"Science" is a specific way of doing research. The scientific method was invented in late 18th century and since then science is what what we think of as "science". Before that, research was done by a different method.
It goes basically like this:
* Up until roughly 1200, 1300, research was done with a religious mindset and meant his:
- The world is built on God's will. Man cannot influence nature. Therefore experiments are meaningless and useless.
- What the book (especially the Bible) says is always right. Older books trump newer books.
- Theory beats practice.
* Then in late 13th, early 14th century, Ramon Llull made the ancient greek notion of the "demiourgos" popular again: The notion that there are laws of nature.
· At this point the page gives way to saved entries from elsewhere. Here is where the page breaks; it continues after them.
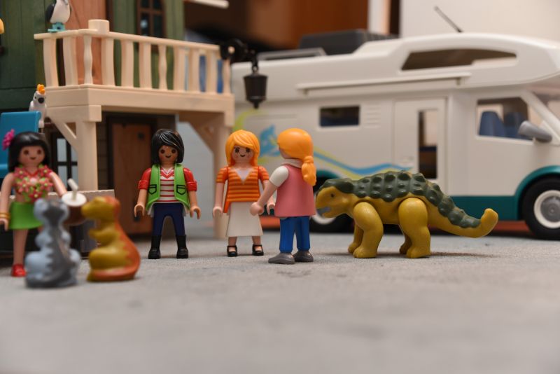 „Gebt mir eure Mäntel“, fordere ich die Dinos auf. „Ich bringe sie ins Wohnmobil und ziehe mich um – mir ist es auch viel zu warm.“
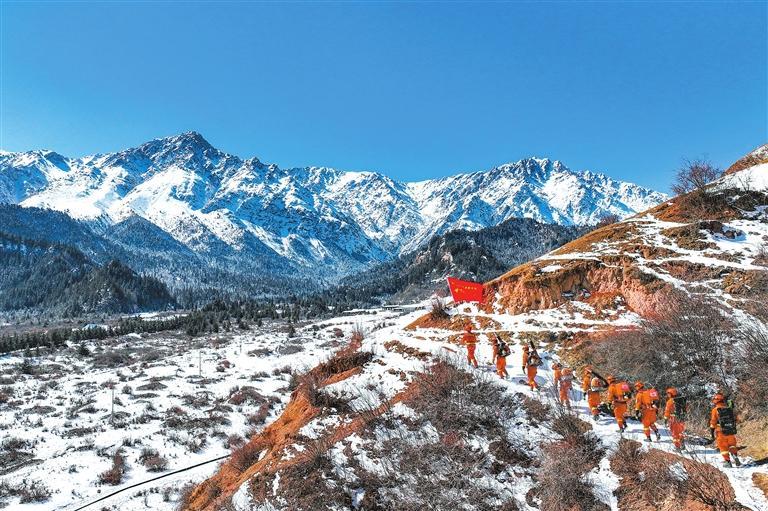 3月7日,在肃南县马蹄藏族乡祁连山深处,张掖市甘州区森林消防大队的消防员们携装穿行林海雪原间开展巡护作业。他们肩负着守护31.53万公顷森林、16个国有林场和12个自然保护站安全的重任。
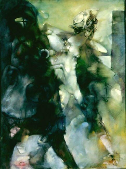He elegido los cuadros de la ultima etapa pictórica de la gran artista norteamericana Dorothea Tanning para ejemplificar lo que es y hasta donde llega la figuración en el arte plástico. Como ya os he dicho, solo hay dos tipos de arte, el arte figurativo y el arte abstracto y no confundáis esto con los estilos y los movimientos artísticos, pues no son la misma cosa. Acordaos que todo lo que no sea figuración es abstracción en el arte visual. La abstracción no puede contener ningún rasgo de figuración, ni elemento alguno que se asemeje, aunque sea remotamente, a las cosas de la vida, o sea a la naturaleza. La figuración viene de muchas maneras. En estos cuadros que os he elegido como ejemplares, veréis las figuras distorsionadas, y los colores que surgen casi de la nada, pero por muy abstractos que parezcan, los cuadros siguen siendo, por ley y por convenio, arte figurativo.
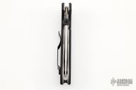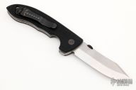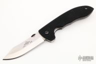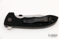 This Emerson Horseman linerlock flipper has a stonewashed blade with swedge, thumb disc, notched thumbrest and flipper. The handle is comprised of black G10 scales over titanium liners, black stainless steel clip. #0018. Excellent condition.  Comes with original box and papers.

Then, in early 15th century, copies of the Corpus Hermeticum returned to Europe via bycantine libraries. The Corpus Hermeticum postulated that the human contains a divine spark.
- The world is built on laws of nature created by God. God influences the world with these laws.
- The human is partly divine. Therefore the human can influence the laws of nature as well, if he finds the means to do so.
- What the book says is always right. Older books trump newer books.
- Experiments can be done, however they are only good for finding out the details about what is already known. If your experiment does not reproduce what is written in a book, then your experiment is wrong.
- Theory beats practice
* The dating of the Corpus Hermeticum, the invention of modern math and it replacing numerology, the growing pile of experimental evidence where the magical tomes are simply wrong, the continuing failures of sorcerers to actually do sorcery... By late 18th century, the scientific method was born in a continuous process. It didn't even have a name back then. It was just "the method".
- The world is built on laws of nature.
- The human can influence nature and find out more about it by doing experiments.
- The age of a piece of wisdom is irrelevant.
- Practice beats theory.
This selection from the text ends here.